Non-invasive ventilatory support delivered by either CPAP or NIPPV safely provides earlier improvement and resolution of breathlessness, respiratory distress and metabolic abnormality. However, this does not translate into improved short- or longer-term survival.

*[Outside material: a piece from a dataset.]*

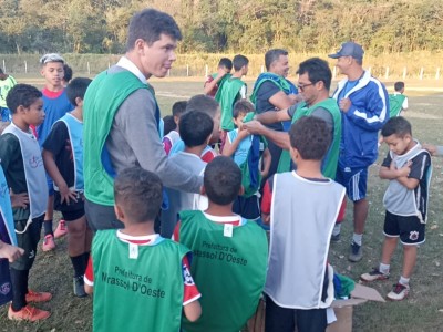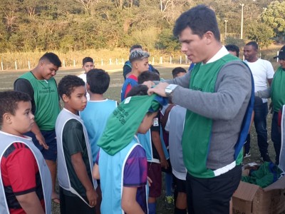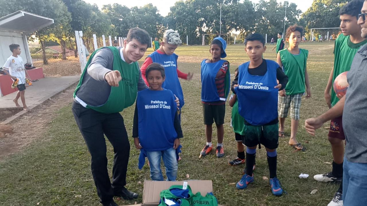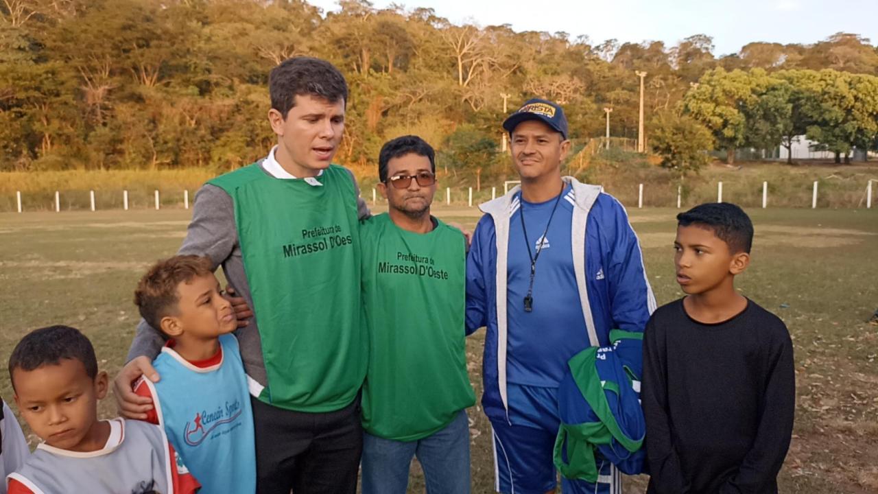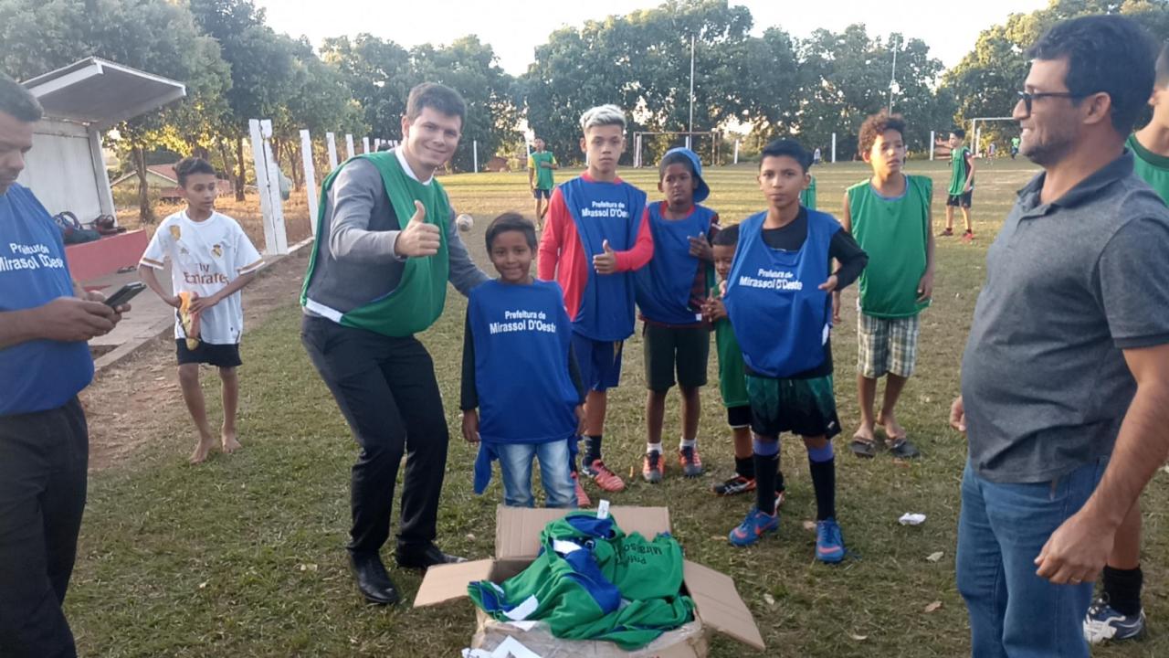 A Prefeitura Municipal de Mirassol d'Oeste, através da Secretaria Municipal de Esporte, Lazer e Cultura, realizou a entrega de Coletes Dupla face para os alunos da Escolinha do Professor Ney. O evento de entrega aconteceu no fim da tarde desta quarta-feira (18), no Campo Municipal Pedro Custódio Negrão, e teve as presenças do prefeito, Héctor Alvares, do Gerente de Esporte, Lazer e Cultura, Jorge Ilton (Bolinho), do chefe do Detran, Bill do Som, do Professor Ney, além de amigos e colaboradores.

We recommend that CPAP or NIPPV should be considered as adjunctive therapy in patients with severe acute cardiogenic pulmonary oedema in the presence of severe respiratory distress or when there is a failure to improve with pharmacological therapy.

TRIAL REGISTRATION

Current Controlled Trials ISRCTN07448447.

摘要

目的

确定无创通气是否能降低死亡率,以及不同治疗方式在治疗效果上是否存在显著差异。

设计

多中心开放性前瞻性随机对照试验。

地点

英国26个急诊科中出现严重急性心源性肺水肿的患者。

参与者

纳入标准为年龄>16岁、急性心源性肺水肿的临床诊断、胸部X光片显示肺水肿、呼吸频率>20次/分钟以及动脉血氢离子浓度>45 nmol/L(pH<7.35)。

干预措施

患者按1:1:1比例随机分配至标准氧疗、持续气道正压通气(CPAP)(5 - 15 cmH₂O)或无创正压通气(NIPPV)(吸气压力8 - 20 cmH₂O,呼气压力4 - 10 cmH₂O),治疗至少2小时。

主要观察指标

NIPPV或CPAP与标准治疗比较的主要终点为7天死亡率。NIPPV与CPAP比较的复合主要终点为7天死亡率和气管插管率。次要终点包括呼吸困难、生理变量、插管率、住院时间和重症监护入院率。经济评估采用成本 - 效用分析形式,从英国国家医疗服务体系(NHS)(及个人社会服务)角度进行。

结果

共招募1069例患者[平均年龄78(标准差10)岁;43%为男性],分别接受标准治疗(n = 367)、CPAP[n = 346;平均压力10(标准差4)cmH₂O]或NIPPV[n = 356;平均压力14(标准差5)/7(标准差2)cmH₂O]。标准氧疗的7天死亡率(9.8%)与无创通气(9.5%;p = 0.87)无差异。无论采用何种无创通气方式,7天死亡和插管率的联合终点相似(CPAP为11.7%,NIPPV为11.1%;p = 0.81)。与标准治疗相比,无创通气在1小时时可使呼吸困难(视觉模拟量表评分0.7,0.2 - 1.3;p = 0.008)、心率(4次/分钟,1 - 6;p = 0.004)有更大程度降低,酸中毒(pH 0.03,0.02 - 0.04;p < 0.001)和高碳酸血症(0.7 kPa,0.4 - 0.9;p < 0.001)得到改善。未发现与治疗相关的不良事件,在其他次要结局如心肌梗死发生率、住院时间、重症监护入院率和气管插管需求方面也无差异。经济评估显示,标准治疗6个月内的平均成本和质量调整生命年分别为3023英镑和0.202,CPAP为3224英镑和0.213,NIPPV为3208英镑和0.210。对终身成本和质量调整生命年的建模得出,标准治疗的值为15764英镑和1.597,CPAP为17525英镑和1.841,NIPPV为17021英镑和1.707。这些结果表明,CPAP和NIPPV均能产生更多的质量调整生命年,但成本高于标准治疗。然而,这些估计存在很大的不确定性。

结论

CPAP或NIPPV提供的无创通气支持能安全地使呼吸困难、呼吸窘迫和代谢异常更早得到改善和缓解。然而,这并未转化为短期或长期生存率的提高。我们建议,对于存在严重呼吸窘迫或药物治疗效果不佳的严重急性心源性肺水肿患者,应考虑将CPAP或NIPPV作为辅助治疗。